Glória Maria Matta da Silva foi uma das maiores protagonistas do jornalismo brasileiro. Nascida no dia 15 de Agosto de 1949, Rio de Janeiro, Glória foi a primeira jornalista a apresentar uma matéria ao vivo e a cores na Televisão do Brasil em 1977, época em que o jornalismo era majoritariamente dominado por homens. Segundo Ribeiro (1998), existia uma época em que as empresas jornalísticas pareciam ser feitas para serem ocupadas apenas por homens. Não havia banheiro feminino, as mulheres trabalhavam para servir os homens que ocupavam aquele espaço, sendo faxineira, atendendo telefone ou para fazer café. 

Glória começou sua carreira na faculdade Pontifícia Universidade Católica do Rio de Janeiro (PUC-RJ), sendo graduanda de jornalismo e em conjunto com os estudos, trabalhava como telefonista na Embratel. Na década de 60 foi princesa do bloco carnavalesco Cacique de Ramos e na década de 70 entrou na Rede Globo como estagiária de jornalismo.

A apresentadora estudou em colégios públicos, onde era destaque, pois vencia os concursos de redação da escola. Também estudou inglês, francês e latim. Em 1971, quando cobriu o desabamento do Elevador Paulo de Frontin, no Rio de Janeiro, o seu trabalho de telefonista a ajudou no apuramento da veracidade da notícia e foi neste contexto que ganhou uma posição de destaque. Ela foi a primeira mulher, e não apenas mulher, uma mulher preta a conseguir um papel importante na sociedade, e em uma época em que a mulher e mulher negra era (e não deixam de ser nos tempos de hoje) um sujeito descartável.

No Brasil, as mulheres negras estão dentro de duas vulnerabilidades sistemáticas:  gênero feminino e raça. Podemos verificar essa vulnerabilidade no mercado de trabalho, por exemplo, contexto em que ocupações consideradas subalternas são socialmente associadas com mulheres negras. Ao longo dos anos 1970 e 1980, o trabalho doméstico feito por donas de casa não era caracterizado como atividade econômica (BRUSHCHINI, 2007). E na vivência das mulheres negras, a aniquilação de sua identidade profissional, de sujeito e indivíduo ainda é presente, por razões de estruturas hierárquicas de classe que ainda lhes são incumbido espaços e papéis quais são advindos da escravidão (NASCIMENTO, 2019). 
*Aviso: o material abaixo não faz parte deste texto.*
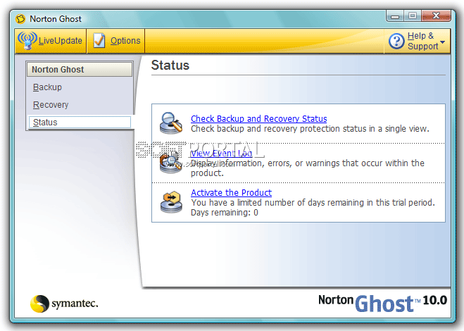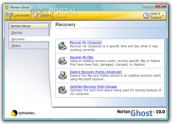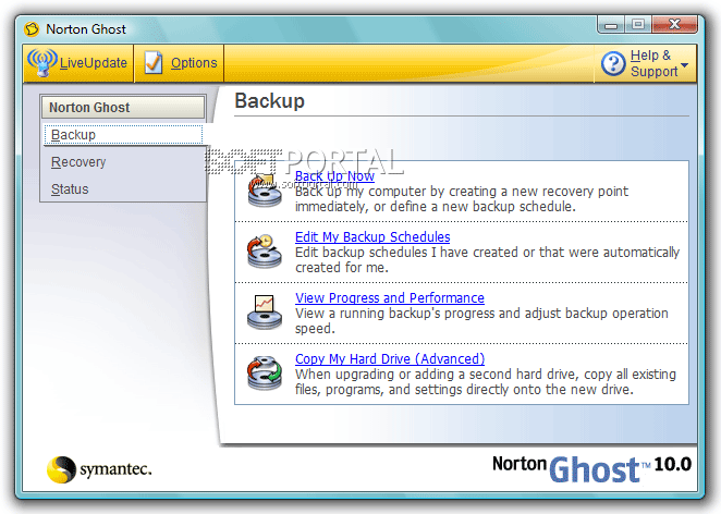 - С помощью функции LiveUpdate обновление программы Norton Ghost происходит через Интернет автоматически.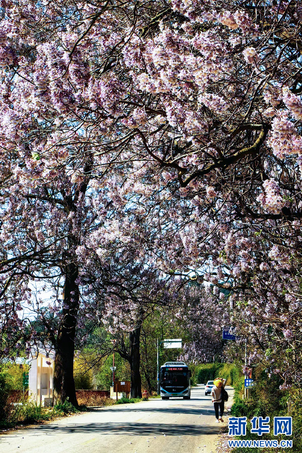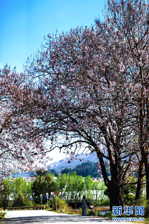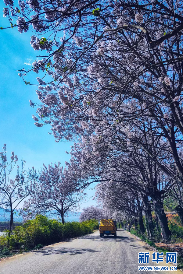 近日,在云南省安寧市,公路兩旁的泡桐花悄然盛放,一簇簇淡紫色的花朵簇擁枝頭,微風拂過,似風鈴一般的花朵隨風舞動。長約兩公里的淡紫色花海,點綴著車來車往的鄉村公路。(完)(安寧市融媒體中心)

O feminismo enquanto um movimento político e social traz reflexões sobre essas categorias, mas apresenta algumas lacunas importantes a serem abordadas. Segundo Carneiro (2013) o feminismo brasileiro vem de um viés eurocêntrico, podendo apagar o caráter central da raça, as hierarquias de gênero e a universalização vindo de uma cultura particular (a ocidental, branca e europeia) para o grupo de mulheres. Assim, é passível a invisibilização da realidade da mulher negra e o apagamento do seu protagonismo na construção sócio-histórica do Brasil, que é carregada de lutas. O feminismo negro é contribuinte para essas mulheres que são enxergadas como objeto dentro de uma sociedade comandada por homens brancos. 

A sociedade estabeleceu a ideia de que mulheres negras existem apenas para servir aos outros, em decorrência da escravidão e exploração sexual que sofriam na “época” da escravidão (SILVA, 2014). As mulheres negras também sofrem invisibilidade em seus trabalhos, uma vez que não são vistas como referências nos trabalhos que ocupam (HOOKS, 1995). Na construção de um ideal, a branquitude, o corpo branco é idealizado, aquele que pode ser pertencente, atribuído a aristocracia, ao elitismo, o ser letrado e bem sucedido, o branco é o modelo que merece e deve ser contemplado. Diferente dos corpos negros, que são inapropriados, que não são pertencentes a algo ou lugar, existem para não pertencer, são corpos  descartáveis (MARTINS, 2021).

Fonte: Gabo Morales/Folhapress

Sendo pivô do seu protagonismo no jornalismo, em 1977 fez sua primeira, de muitas viagens internacionais para trabalho. Ela quem cobriu a posse do presidente estadunidense Jimmy Carter. Também foi repórter política em Brasília, cobriu a posse do último presidente da Ditadura Militar, em um período onde o jornalismo sofreu censura e as minorias eram atacadas, Glória Maria conseguiu levar essa cobertura para a íntegra. Visitou mais de 120 países e mais de 70 milhões de lares de todo Brasil. Entrevistou grandes celebridades como, Madonna, Freddie Mercury, Mick Jagger, Michael Jackson com direito a beijo e entre outras muitas. Glória trouxe autenticidade para a televisão brasileira.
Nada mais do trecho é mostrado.